SFC: See supercritical fluid chromatography.

Silanol: The Si–OH group found on the surface of silica gel. Silanols vary in strength depending upon their location, relationship to each other, and the metal content of the silica. The strongest silanols are acidic and often lead to undesirable interactions with basic compounds during chromatography.

Silanophile: A compound that has high affinity for active or acidic silanol groups on a silica surface. Usually a strongly basic amine.

Silica gel: The most widely used HPLC packing. It has an amorphous structure, is porous, and is composed of siloxane and silanol groups. It is used in all modes of LC as a bare packing for adsorption, as the support for liquid–liquid chromatography or for chemically bonded phases, and as an SEC packing with various pore sizes. Microparticulate silicas of 3-, 5-, and 10-μm average particle diameter are used in HPLC. Compared with irregular silicas, spherical silicas are preferred in modern analytical HPLC columns because of their packing reproducibility and lower pressure drops. Sometimes called silica.

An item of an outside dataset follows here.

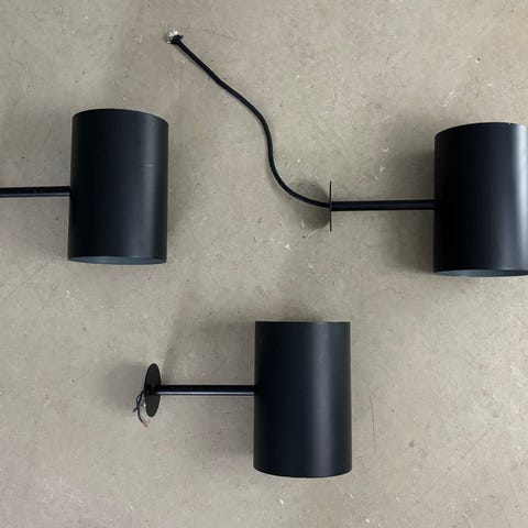 De har været brugt i vores kælder, men pga ombygning vælger vi at sælge dem. De har været væghængt(kabel tilsluttet i væggen) i et 100% tørt miljø.

Siloxane: The Si–O–Si bond. A principal bond found in silica gel or a silylated compound or bonded phase. Stable, except at high pH values. Has little effect on the HPLC separation.

Silylation: The reaction process of an organochloro- or organoalkoxysilane with a compound that contains an reactive group. In LC, it refers to the process of derivatizing the solute before chromatography to make it detectable or to prevent unwanted stationary-phase interactions. It also can refer to the process of adding a chemically bonded phase to a solid support or deactivating the packing to reduce surface activity.

Simulated moving bed: A chromatographic system involving a series of columns and valves set up to simulate the countercurrent movement of the mobile and stationary phases and enable the continuous removal of product and reapplication of sample. A complex form of recycle chromatography used in preparative-scale chromatography.

Size-exclusion chromatography (SEC): Same as steric exclusion chromatography.

Slurry packing: The technique most often used to pack HPLC columns with microparticles. The packing is suspended in a slurry of approximately 10% (w/v) and rapidly pumped into the empty column using special high-pressure pumps.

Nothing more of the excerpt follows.